Eligibility For Double Jeopardy Defense: Only some forms of criminal cases qualify for protection from double jeopardy. If a particular proceeding does not put an individual at risk, then there is no ban on future proceedings against that individual for the same actions. While the text of the Fifth Amendment implies that the defence of double threats applies only to 'life or limb' cases, the Supreme Court has established that the right is not restricted to capital offences or corporal punishment. Instead, immunity applies, regardless of the sentences they prescribe, to all felonies, misdemeanours and juvenile delinquency adjudications.
It is not only a matter of which proceedings are subject to double risk, but also of the beginning or attachment of danger.

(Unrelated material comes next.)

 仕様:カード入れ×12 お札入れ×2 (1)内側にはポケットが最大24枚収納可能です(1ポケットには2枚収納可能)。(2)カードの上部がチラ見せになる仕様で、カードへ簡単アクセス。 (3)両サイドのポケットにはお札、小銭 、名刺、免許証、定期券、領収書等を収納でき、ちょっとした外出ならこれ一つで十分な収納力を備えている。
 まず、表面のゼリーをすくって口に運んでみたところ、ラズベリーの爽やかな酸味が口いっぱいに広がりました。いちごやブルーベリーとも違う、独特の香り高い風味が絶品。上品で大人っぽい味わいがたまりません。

This problem is critical because the government's acts before attacks, such as withdrawing the indictment, would not preclude further prosecutions against the same person for the same crime. The entire spectrum of Fifth Amendment rights from multiple charges and multiple fines takes place after the threat has been attached. For jury trials, as the jury is sworn, jeopardy attaches. In criminal trials tried without a jury by a judge, when the first witness is sworn in, danger is attached. When a defendant enters into a plea deal with the prosecutor, there is no risk until the plea is accepted by the judge. When double risk security ends, it is just as necessary to determine as when it starts, but it can be a little more difficult. The government does not arrest anyone for further court hearings on the same issue until the danger has ended.

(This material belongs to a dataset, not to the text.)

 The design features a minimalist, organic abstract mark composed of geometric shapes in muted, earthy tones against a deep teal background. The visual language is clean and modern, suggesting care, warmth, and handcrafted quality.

Outcome: Recently, in the case of the Institute of Chartered Accountants of India v. Vimal kumar Surana, the court held that if an individual is convicted under a different rule, it cannot be considered to be a double threat. Under terms of the Chartered Accountant Act 1949, the defendant was convicted. The court held that it does not grant him immunity from prosecution simply because he is convicted by the clause of that act, because the aspect of the crime varies, and that he can be charged with a variety of different offences and different laws, including the Indian Penal Code. On the contrary, it is also important to know that if the characteristics of an offence are different from those of the accused, he would not be able to please the defence pursuant to section 300 of the CrPC, as it clearly sets out the requirement that a person may be prosecuted on the basis of the same facts if the offence contains different elements that are charged under penal law. Having said that, it is also critical that the case be prosecuted for an offence by a competent jurisdiction. And the authority alone should rule on a defendant's conviction or acquittal. As discussed in Assistant Controller of Customs v L. R. Malwanithat the proceedings before the Sea Customs authorities were not a 'prosecution' and the order for confiscation was not a 'punishment' levied by a court or judicial tribunal within the scope of Article 20(2) of the Constitution and was therefore not prevented from prosecuting him subsequently.